RECURSO INOMINADO. AÇÃO DECLARATÓRIA DE NULIDADE DE RELAÇÃO CONTRATUAL. ALEGAÇÃO DE AUSÊNCIA DE RELAÇÃO CONTRATUAL ENTRE AS PARTES. NECESSIDADE DE PERÍCIA RECONHECIDA DE OFICIO. RECURSO CONHECIDO E PREJUDICADO.

PODER JUDICIÁRIO

TRIBUNAL DE JUSTIÇA DO ESTADO DA BAHIA

6ª TURMA RECURSAL

DECISÃO PROCLAMADA

Extinção sem resolução do mérito Por Unanimidade

Salvador, 25 de Março de 2019.


PODER JUDICIÁRIO

TRIBUNAL DE JUSTIÇA DO ESTADO DA BAHIA

6ª Turma Recursal

Processo: RECURSO INOMINADO n. XXXXX-37.2017.8.05.0014
Órgão Julgador: 6ª Turma Recursal
RECORRENTE: MARINHO DOS SANTOS
Advogado(s): TASSIA REBECCA FREITAS DA SILVA MOTA, LEON RAMIRO SILVA E SILVA
RECORRIDO: BANCO VOTORANTIM S.A.
Advogado(s): MANUELA SAMPAIO SARMENTO E SILVA

RELATÓRIO



Dispensado o relatório nos termos do artigo 46 da Lei n.º 9.099/95.

Salvador/BA, 15 de março de 2019.

1º Julgador da 6ª Turma Recursal

Relator


VOTO



Presentes os pressupostos de admissibilidade do recurso, dele conheço.

Depreende-se da análise dos autos a existência de controvérsia que deve ser analisada a fim de justificar a extinção do processo sem análise do mérito e em consequência a reforma integral da sentença.
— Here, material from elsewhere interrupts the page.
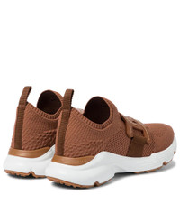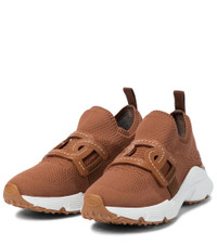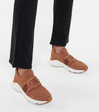The endless appeal of these brown sneakers from Tod's get our seal of approval – wear them to the office and while running errands on weekends. The uppers are made from technical knit and trimmed in topstitched leather worked into the shape of the house's signature hardware. Finally, white rubber soles are pebbled for traction and support. Product Details - Upper: fabric - Lining: fabric - Sole: fabric insole, rubber sole - Toe shape: round toe - Made in Italy - Includes: shoe box - Designer color name: Beige - Trim: leather - Item number: P00558589 Size & Fit - Fits slightly large to size - we recommend trying a half size smaller - Stretchy fabric - European sizes - 3cm-1" platform (size EU 38) - 5,5cm-2" wedge heel (size EU 38)

A complexidade da causa para julgamento perante o juizado impede a continuidade do processo pelo rito da Lei 9.099/95.

Constata-se, assim, que a controvérsia reside na legitimidade da relação contratual, cujo instrumento encontra-se supostamente assinado pelo autor, revelando-se imprescindível a realização de perícia técnica em torno do aludido documento, uma vez que se trata de contrato assinado a rogo, o qual o analfabeto que nega a contratação.



Se para o deslinde da controvérsia é tecnicamente útil e necessária a produção de prova pericial formal, negar tal possibilidade afronta a ampla defesa, não sendo possível ao magistrado concluir pelo direito desta ou daquela parte, sem o necessário suporte técnico adequado.

Assim, considerando-se que a competência dos juizados especiais é fixada, também, em virtude da complexidade do feito – como dispõe o Enunciado n.º 54 do FONAJE: “A menor complexidade da causa para a fixação da competência é aferida pelo objeto da prova e não em face do direito material”-, impõe-se a extinção do processo sem a resolução do mérito, nos termos do art. 51, II, da Lei nº 9.099/95.

Observa-se, pois, que os fatos litigiosos nem sempre são simples de forma a permitir sua integral revelação ao juiz, ou sua inteira compreensão por ele através apenas dos meios usuais de prova que são as testemunhas e documentos. Nem é admissível exigir que o juiz disponha de conhecimentos técnicos universais a ponto de examinar cientificamente tudo sobre a veracidade e as consequências de todos os fenômenos possíveis a figurar nos pleitos judiciais.

Sendo assim, não raras vezes, portanto, terá o juiz de se socorrer de auxílio de pessoas especializadas, como engenheiro, agrônomos, agrimensor, médicos, dentistas, contadores, químicos, etc., para examinar pessoas, coisas ou documentos envolvidos no litígio e formar sua convicção para julgar a causa, com a indispensável segurança. Desta feita, a prova pericial se perfaz como meio de suprir a carência de conhecimento técnico de que se ressente o juiz para apuração dos fatos litigiosos.

Desta feita, reconheço, de ofício, a necessidade de produção de prova técnica, o recurso interposto resta prejudicado ante a incompetência do Juizado Especial Cível, razão pela qual julgo extinto o processo sem resolução do mérito (art. 51, II da Lei 9.099/95).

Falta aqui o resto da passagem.